A background of low investment has led to the current health visiting workforce undergoing a rapid expansion in the number of newly-qualified health visitors in the last few years (30-40 per cent). This has placed additional strain on current preceptorship provision and those enacting their roles in challenging times with widespread changes to service provision.

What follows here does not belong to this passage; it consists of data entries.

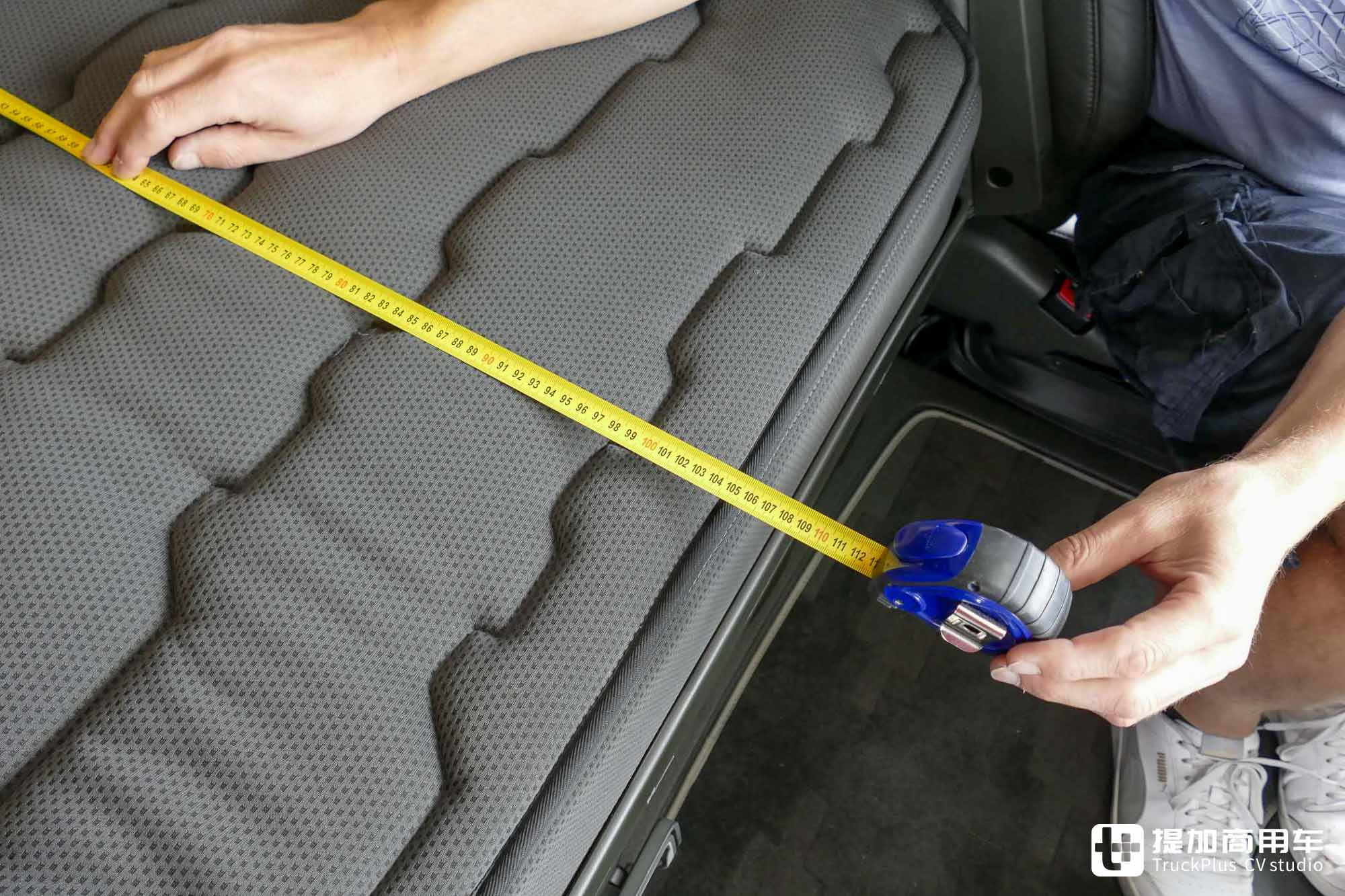 相较于沃尔沃FH Aero可选的其他驾驶室而言,Globetrotter XXL驾驶室的好处在于:卧铺空间是真的大。其最宽处达到了106.5厘米,最窄处仍高达100厘米左右。在欧洲卡车之中,这样的卧铺宽度已经是非常优秀了。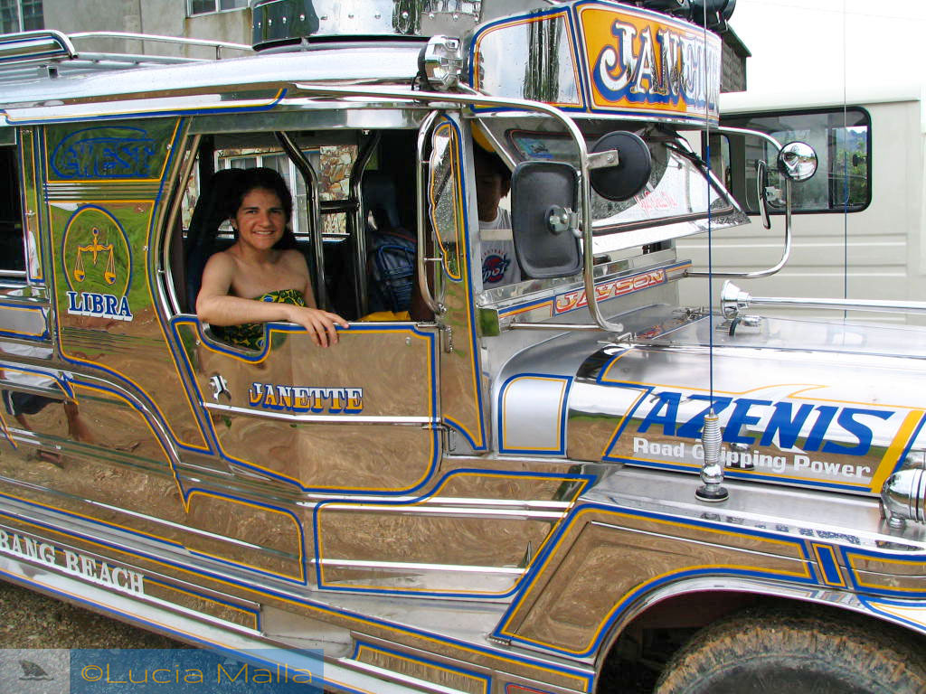 Andando de jeepney, o transporte terrestre filipino por excelência.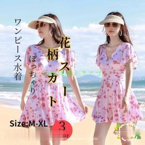 ワンピース水着 レディース 花柄 スカート 体型カバー ぽっちゃり 露出控え ハイウエスト フレア キレイ かわいい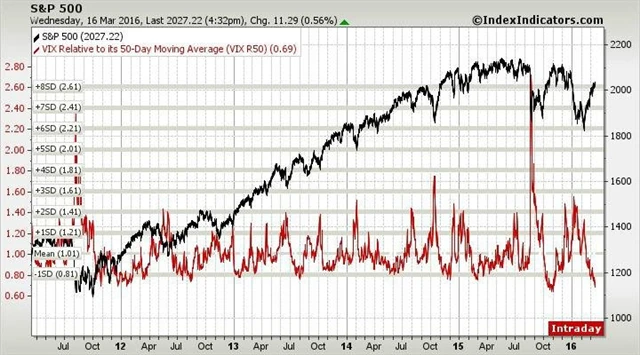 Podle Andrewa Trashera, portfoliomanažera z Financial Enhancement Group, jsou ve hře jen dva faktory, které mohou změnit současné neobvyklé postavení indexu VIX vzhledem k jeho 50dennímu klouzavému průměru – čas a cena. Buď se bude index pohybovat do strany až do té doby, než se k němu klouzavý průměr přiblíží, nebo budeme svědky rychlého pohybu indexu VIX nahoru, což bude ukazovat na rychlý nárůst volatility na trzích.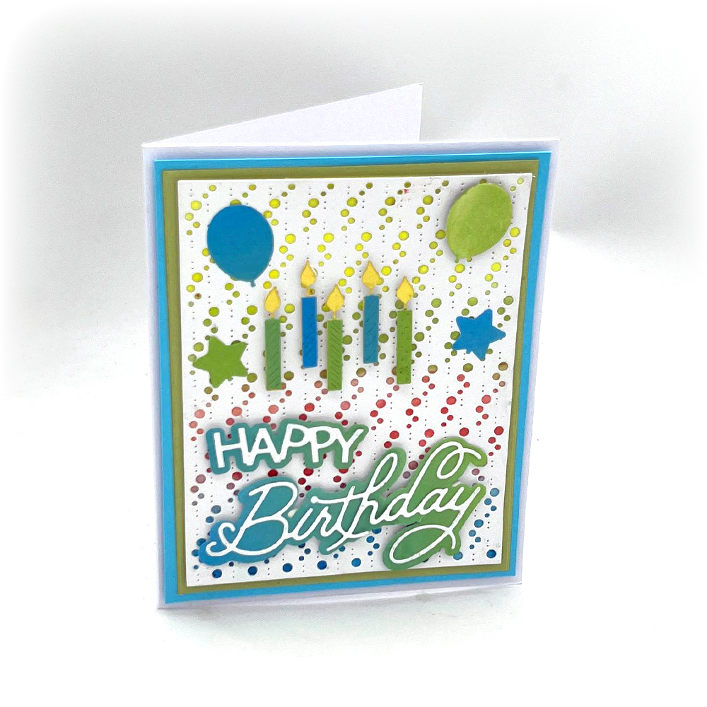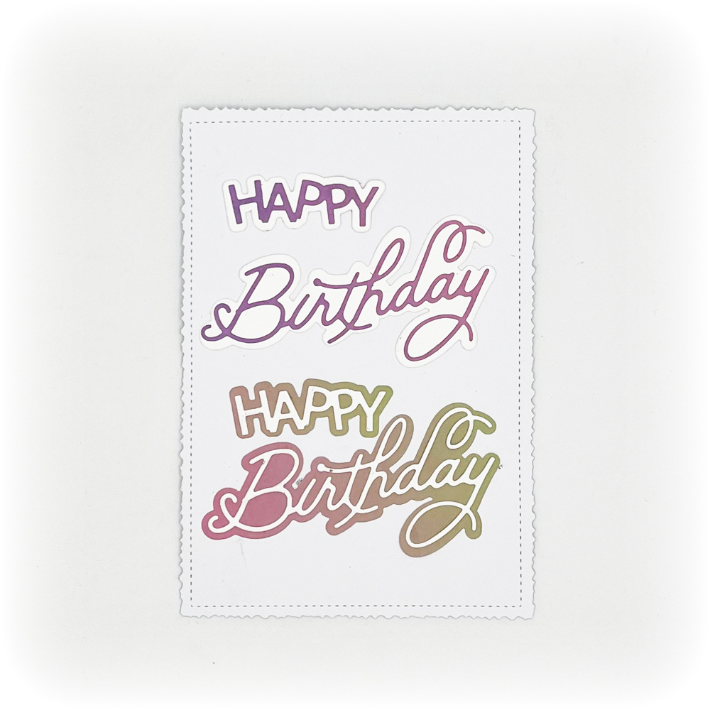 Cut the solid backing from the happy birthday die set from the designer paper pad and then cut the wording in white. Layer together and attach to the card with foam pads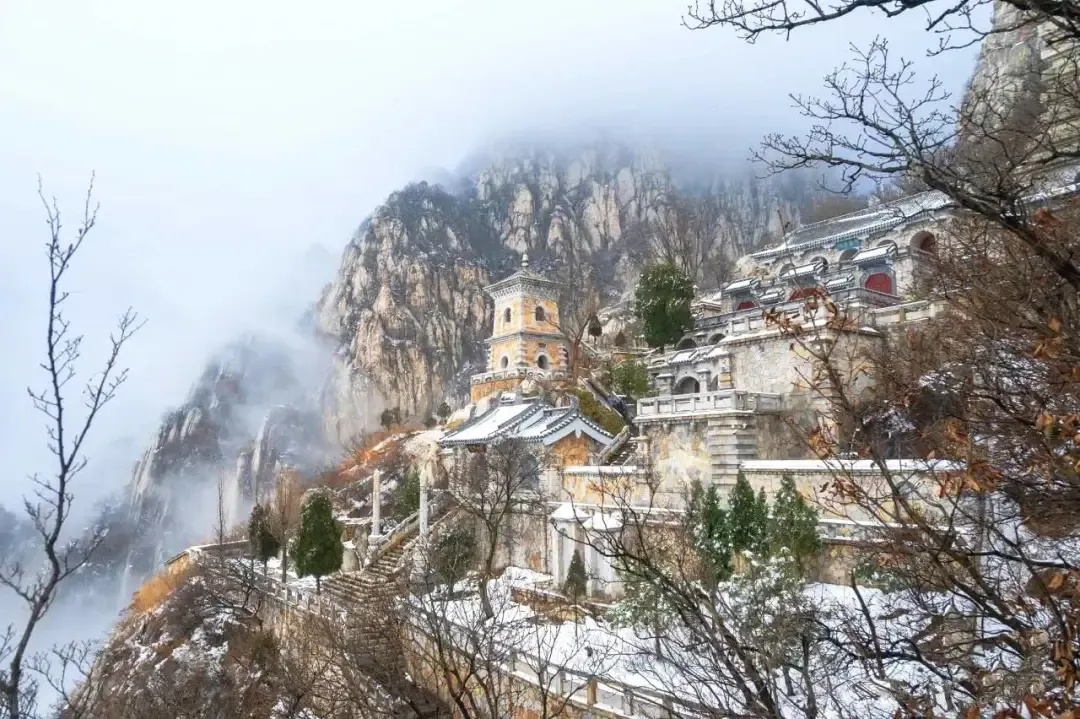 嵩山的自然风光还体现在其四季变换的景色上。特别是冬天,嵩山银装素裹,白雪皑皑,展现出一种静谧而神秘的美。

Identifying issues as seen by the collaborators and giving voice to these counter-narratives, has been crucial to exploring mechanisms that support role resilience, positively influence preceptorship relationships and improve outcomes under existing contextual challenges.
Project timeframe
This research project commenced in October 2013 and ended in October 2018.
Project aims
This was a collaborative study combining co-inquiry and realist evaluation to study the narratives of those involved in preceptorship programmes. In the first phase of the co-inquiry process, co-researchers were asked to conceptualise role resilience in preceptorship, with reference to: What works for whom, in what circumstances and in what respects, and how? (Pawson and Tilley, 2004 p2). This lead on to the second phase to co-construct an emerging Preceptorship Resilience Framework.